Stop DOING you moron!

Inside me there is a voice right from the time I spring up from bed in the morning. It constantly tells me what I should be doing next. One after another, I create Karma in a day, across a week and over years. Do, Do and Do. Do something all the time.

Why is this constant penchant for Doing something or the other? This thought came to me strongly when I was meditating today. Unlike today, the other days when I meditate, I do some surya namaskarams, I become impatient because a thought came to me about a person I deal in office to whom I should have sent a email. Then I invariably hurry up my yoga and meditation - not a possibility when such "Do this" thought come to me.

So today I was contemplating on this question suddenly. I asked myself, who am I if Iam not doing any of this? Its pretty blank. The reason why Iam maniacally driven into "do something" is because I dont want to feel this blank. More because I dont know what it is. And no one around me seem to be visibly doing less. They all do more and they seem to do all the time something.

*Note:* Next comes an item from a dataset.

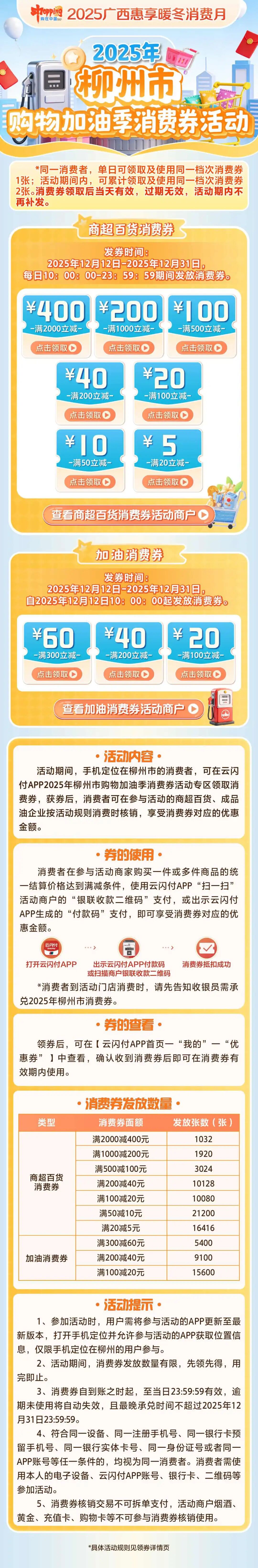 12月12日,记者从市商务局了解到,2025年柳州市购物加油季消费券活动已启动,发放商超百货消费券、加油消费券2种消费券,发券时间为12月12日至31日。 商超百货消费券自2025年12月12日10:00:00起发放,消费者可于每日10:00:00至23:59:59领取消费券,包括5元、10元、20元、40元、100元、200元、400元共7档金额。 加油消费券自2025年12月12日10:00:00起发放,包括20元、40元、60元共3档金额。 怎么领 活动期间,手机定位在柳州市的消费者,可在云闪付App的2025年柳州市购物加油季消费券活动专区领取消费券,获券后,可在参与活动的商超百货门店、成品油企业按活动规则消费时核销,享受消费券对应的优惠金额。 值得注意的是,同一消费者,单日可领取及使用同一档次消费券1张;活动期间,可累计领取及使用同一档次消费券2张。消费券领取后当天有效,过期无效,活动期内不再补发。

I feel in some sense the concept of 'time' is created within you when you "Do something". If you practice non-doing (How do you do that?) may be there is lot of time for obvious reasons. For example, come December and I have to plan on my vacation somewhere with my family. Then it creates a mountain of things to do before you go in a short span of time.

Why am I not fine as is? Why should I do something to know Iam there. Yes, the 'I' gets created and often grown by this doing. If I do nothing, then there is less of what I have created as myself in the view of this world. There is a craving in every one to show to the rest of the world some identity of him. All these seem to be intricately woven and entangled.

Drop the doing , you drop the I and you drop the misery you undergo. You have more time to watch and decide on what really gives you the pleasure in life and do that fully. Most of us are fortunately indirectly guided towards something worthy of doing. But this is very less and a large part is filled with rubbish.